In recent years, various text analysis tools have emerged^23–29, ranging from basic approaches like counting word frequencies to more advanced methods, such as leveraging large language models (LLMs), each with its own set of advantages and limitations. For example, closed-vocabulary programs (i.e., dictionary-based approach)¹ such as the Linguistic Inquiry and Word Count (LIWC)³⁰, use predefined dictionaries to categorize words. While highly interpretable, transparent, and efficient at summarizing concepts, these methods often neglect context, leading to potential misinterpretations²⁵. LIWC may classify the word mad as an indicator of anger, yet in phrases like “She’s mad talented,” it conveys emphasis rather than negativity, illustrating how context-dependent meanings can lead to inaccurate classifications. In contrast, open-vocabulary approaches, such as Latent Dirichlet Allocation (LDA), and word embedding methods leverage data-driven techniques to examine a broader spectrum of words and topics^31–33. These methods are better at capturing nuances, addressing ambiguous word meanings, and are less susceptible to misinterpretations. Limitations of open-vocabulary approaches include the need for more technical expertise, larger datasets, and careful consideration of parameter choices, as well as challenges in interpretability^25,29.

More recently, LLMs like Generative Pre-trained Transformer (GPT) have shown great promise in accurately identifying various psychological constructs in text, overcoming many of the constraints of older methods (Rathje et al., 2024). These models can interpret the context of words and have achieved effective results across multiple languages with simple prompts¹⁹. The main limitations of this approach include a lack of transparency in how inferences were generated and difficulties in reproducing results due to their probabilistic nature³⁴. For example, although LLM-based approaches could predict whether a person experiences negative emotions based on social media posts, it would not be possible to extract information from the LLM about which linguistic cues (such as the use of pronouns) influenced its predictions^19,27. In the latter case, dictionary-based methods are preferable. Ultimately, closed- and open-vocabulary approaches, along with advancements in LLMs, provide complementary strengths that when combined may significantly enhance our ability to understand psychological states through language. By combining these methods, researchers may be able to leverage their unique advantages while mitigating their limitations, offering a robust alternative to traditional and relatively cumbersome self-report emotion measures that might have reporting biases.
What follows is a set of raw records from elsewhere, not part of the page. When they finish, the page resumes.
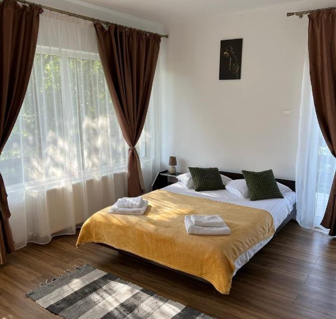 Vila este favorizata de o amplasare ideala, in localitatea Bran la 2 km de Castelul Bran si la 1 km de partia de schi Zanoaga, un loc ce ofera peisaje superbe indiferent de anotimp. Constructie noua, impresioneaza prin rafinament si bun gust. Toate spatiile de cazare dispun de grup sanitar propriu, tereasa, TV/cablu, acces internet. VA multumim !
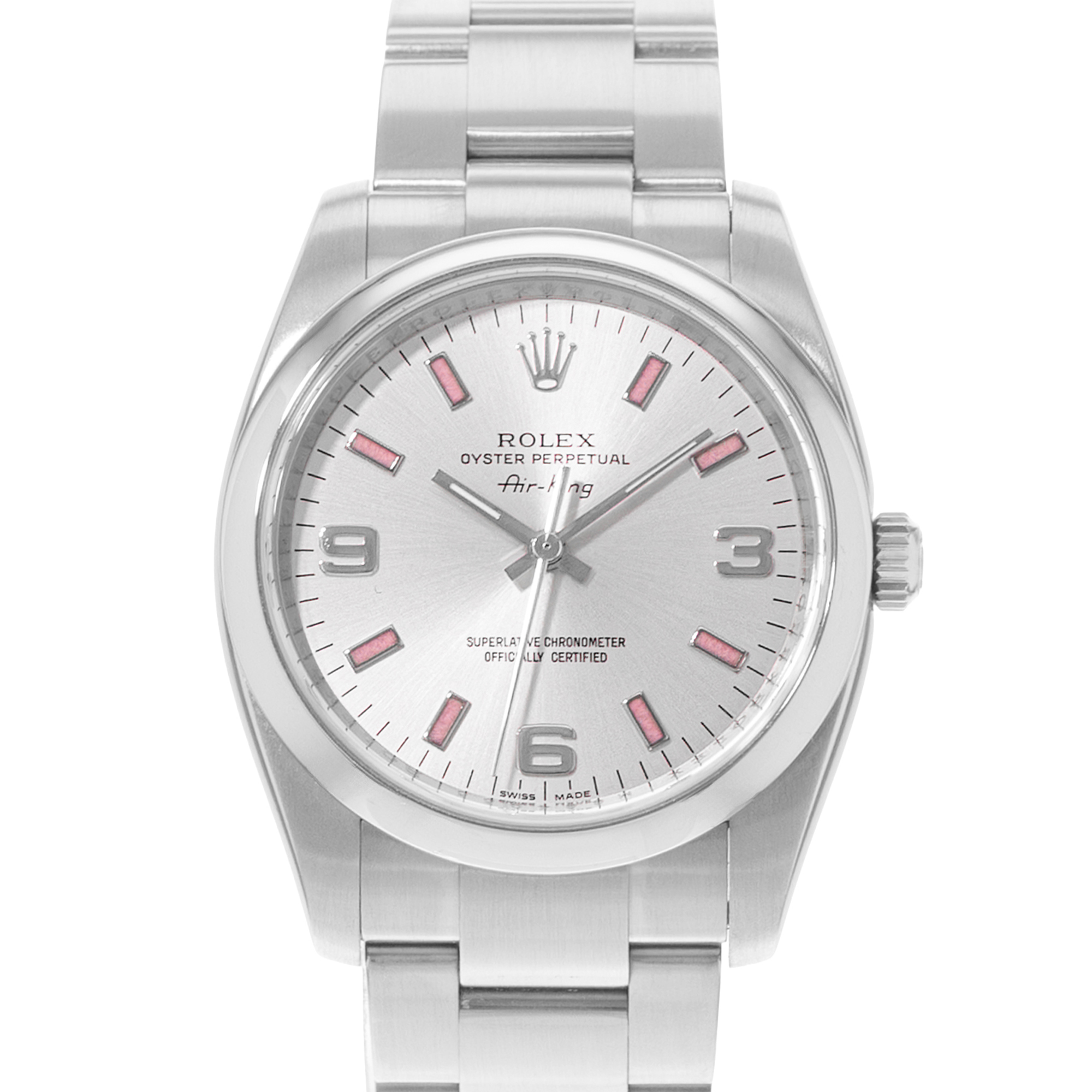 This Rolex Air-King 114200 has a silver quarter arabic dial and a bracelet strap. This Rolex has undergone a thorough inspection of water resistance, accuracy, functionality and condition to determine the level of reconditioning required to meet our strict standards. It has also been referenced against technical documents and manufacturer records where available to ensure authenticity and a clean history. All our watches have a 24-month warranty for your peace of mind. One of our skilled polishing technicians has removed marks on the case and bracelet of this watch, brought about by daily wear and tear, which is why this watch does not come with the remaining manufacturer’s warranty.
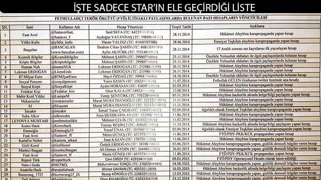 Devletin mahrem bilgileri, siyasetçi ve kamu yöneticilerinin özel hayatlarına kadar her türlü bilgi ve illegal görüntüleri paylaşan FETÖ’nün psikolojik harekât hesaplarının yöneticileri tek tek belirlendi. İstanbul Cumhuriyet Başsavcılığı Terörle Mücadele Bürosu’nun yürüttüğü soruşturma kapsamında yapılan çalışmalar sonucu Emniyet Genel Müdürlüğü Siber Suçlarla Mücadele Şubesi, ülkenin birlik ve beraberliğini bozmak amacıyla trol hesaplar üzerinden yapılan paylaşımların ardındaki gerçek isimleri tek tek belirledi. FETÖ’nün trol ordusunun gerçek kullanıcılarından oluşan 30 kişilik listede baş trol ‘Fuat Avni’den, 17 Aralık’tan yargı darbesi girişiminden sonra ilk kez montajlı ses kayıtlarını yayınlayan ‘Başçalan’a, FETÖ ile mücadele eden emniyet mensuplarını tehdit edip iftira atan ‘Yıldız Kulis’ hesabına kadar örgütün karanlık sanal timin bilgilerine ulaşıldı. FETÖ’nün baş trolü ‘Fuat Avni’nin arkasındaki ismin Aydoğan Vatandaş olduğunu ilk kez kamuoyuyla paylaşan Star, şimdi de diğer tüm hesapların gerçek kullanıcılarını deşifre ediyor.
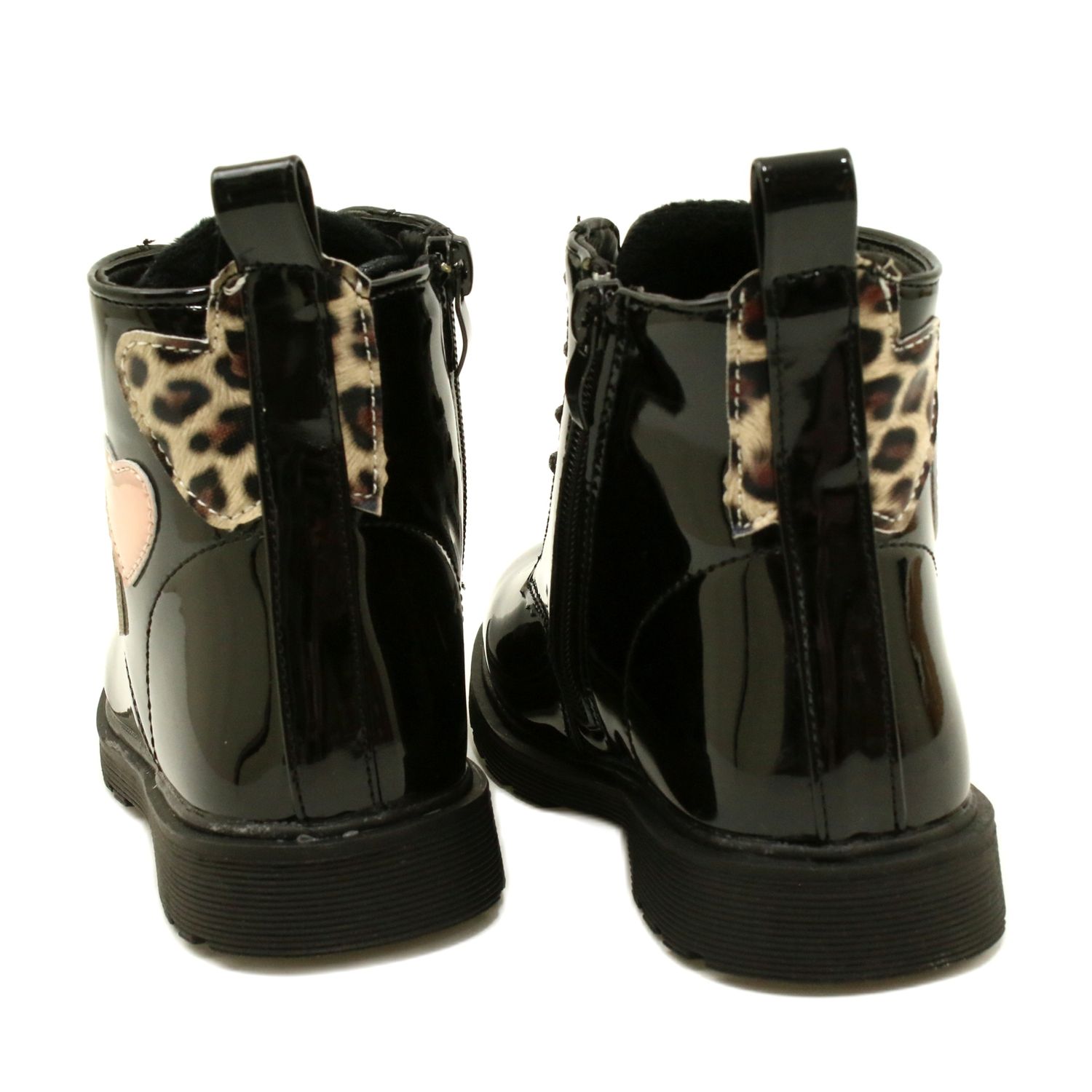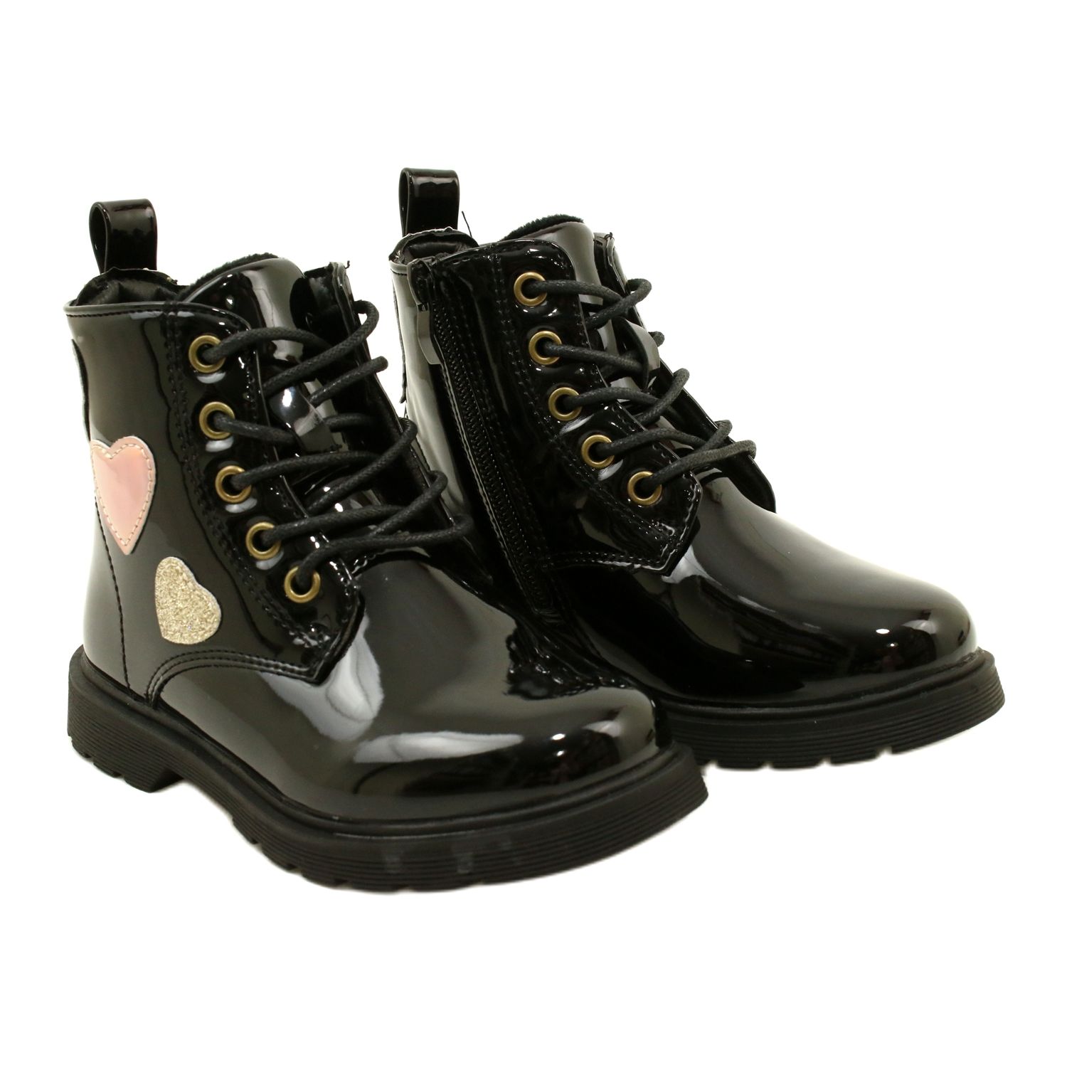 Elegantne gospođice čizme izrađene od lakirane ekološke kože u klasičnoj crnoj boji. Unutrašnjost i umetnuti izolirani mekim krznom obuće, zahvaljujući koje cipele pružaju udobnost i toplinu u hladnijim danima. Dekorativna srca na vanjskom gornjem dijelu zlatnog naglaska daju im djevojački karakter i originalnost.
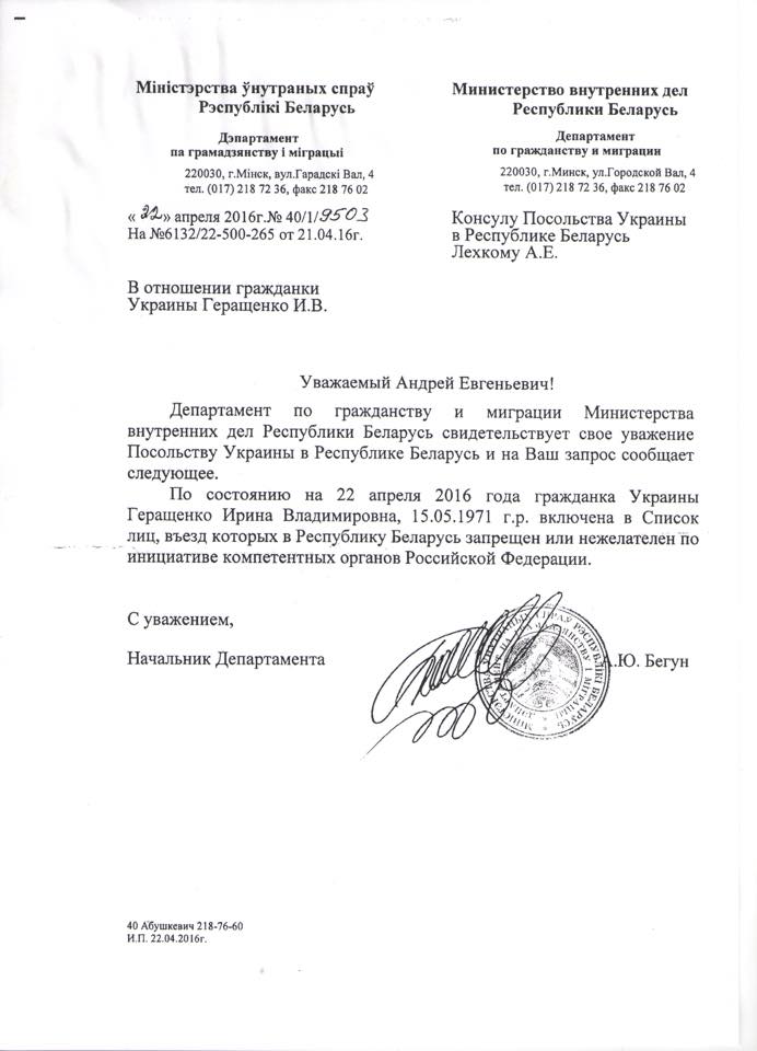 МЗС Украіни отримала дивний в своіх формулюваннях лист від МЗС Білорусі " В отношении гражданки Геращенко". Але ж мова не про " гражданку Геращенко", а першого віце - спікера ВР , офіційного представника Украіни в гуманітарній підгруппі.

Despite the increasing sophistication of these methods, significant gaps remain in the current literature. Most importantly, existing studies on text-based emotion prediction have focused on exploring between-person differences (nomothetic approach), primarily identifying which text features are associated with individuals experiencing high levels of negative emotions³⁵. These approaches aggregate data across participants and aim to pinpoint common linguistic markers, such as the use of first-person pronouns or negative sentiment, that are indicative of heightened emotional distress and depression^36,37. However, this method overlooks both between-person differences in how linguistic markers relate to emotions and within-person fluctuations in emotional states. Even when using multilevel models to predict within-person fluctuations in emotions, models assumes that the same linguistic features signal high levels of negative emotions across different individuals³⁷.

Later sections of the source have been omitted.